[Saved data entries]
*****
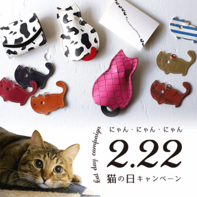 2月22日(水)は「にゃん・にゃん・にゃん」猫の日。 猫モチーフの革小物をたくさんつくっているクアトロガッツですが、実は「クアトロガッツ」とはスペイン語で「4匹の猫」という意味で猫好きスタッフも多く猫の日に黙ってはおれぬ […]
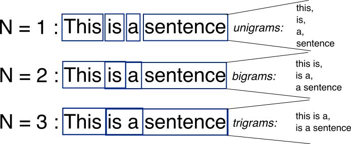 如图所示,ngram 是将可在源文本中找到的长度为 n 的相邻词的所有组合。
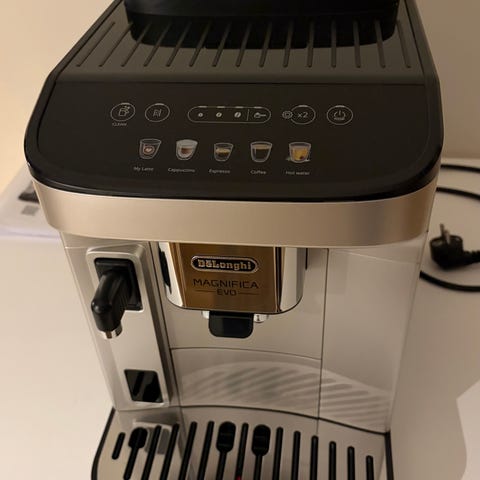 Delonghi Magnifica S ECAM22.117.B kaffemaskin med automatisk espressobryggning och mjölkskummare. Maskinen är svart och har en digital display med flera funktioner för att brygga kaffe och espresso. Nypris 3650.
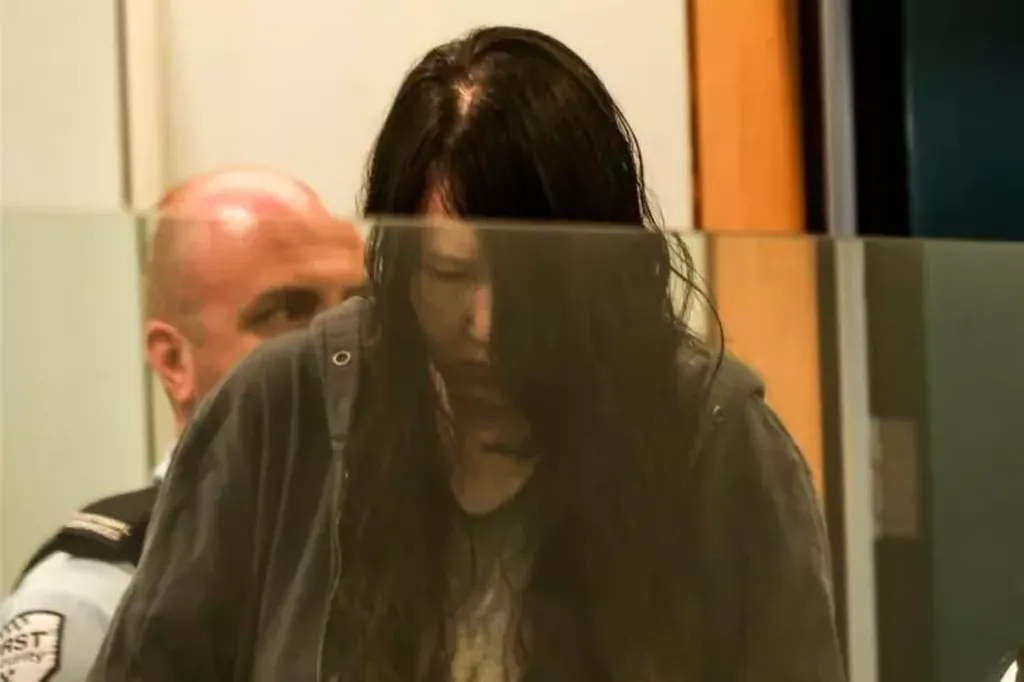 | Hangkyung Lee, condamnée à la perpétuité pour avoir tué ses deux enfants et avoir caché leurs corps dans des valises pendant des années, comparaît devant la Haute Cour d'Auckland, en Nouvelle-Zélande, le 26 novembre 2025. |
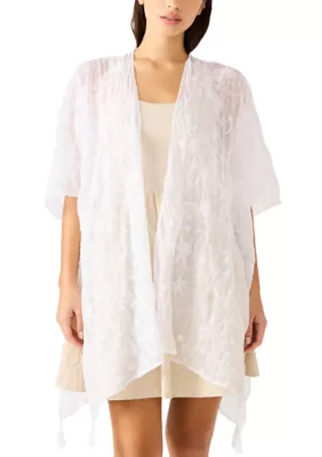 Cropped Tie Front Popcorn Shawl
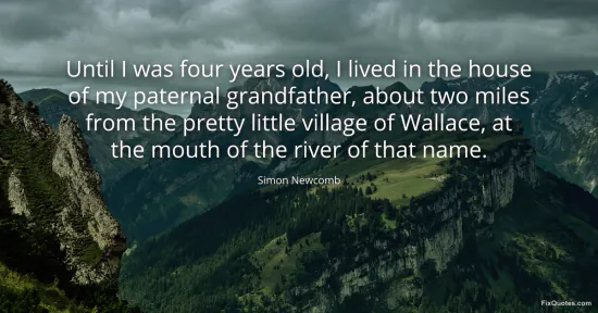 Newcomb, Simon. (2026, February 18). Until I was four years old, I lived in the house of my paternal grandfather, about two miles from the pretty little village of Wallace, at the mouth of the river of that name. FixQuotes. https://fixquotes.com/quotes/until-i-was-four-years-old-i-lived-in-the-house-91920/
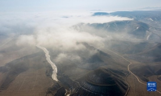 當日,寧夏吳忠市同心縣的山谷間出現(xiàn)云海景觀,農田、旱塬、公路在霧中若隱若現(xiàn),景色壯美。
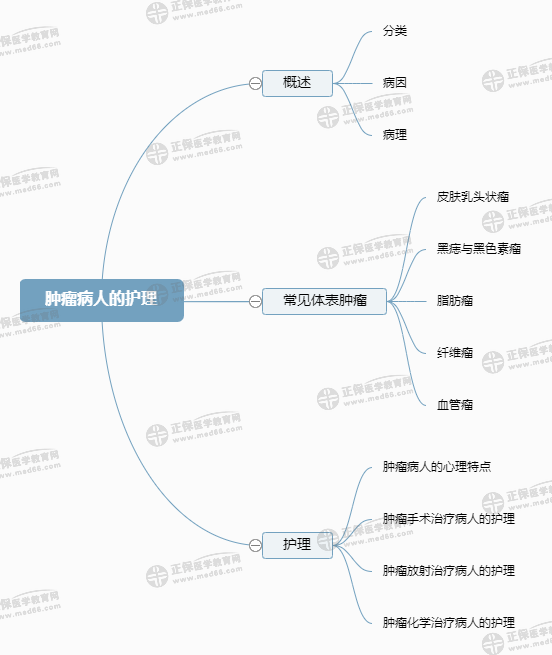 腫瘤病人的護(hù)理是2022主管護(hù)師考試十分重要的一部分,醫(yī)學(xué)教育網(wǎng)小編將腫瘤病人的護(hù)理的知識(shí)內(nèi)容進(jìn)行歸納整理,并制作成了思維導(dǎo)圖,希望能夠幫助各位考生更好的記憶學(xué)習(xí),具體內(nèi)容如下:
*****
> _Exercise details_: Every line above from the one with "novembre 2025. |" down to the one with "Cropped Tie Front Popcorn Shawl" must be written out exactly, and no picture may appear.

> _Task result_:
 | Hangkyung Lee, condamnée à la perpétuité pour avoir tué ses deux enfants et avoir caché leurs corps dans des valises pendant des années, comparaît devant la Haute Cour d'Auckland, en Nouvelle-Zélande, le 26 novembre 2025. |
 Cropped Tie Front Popcorn Shawl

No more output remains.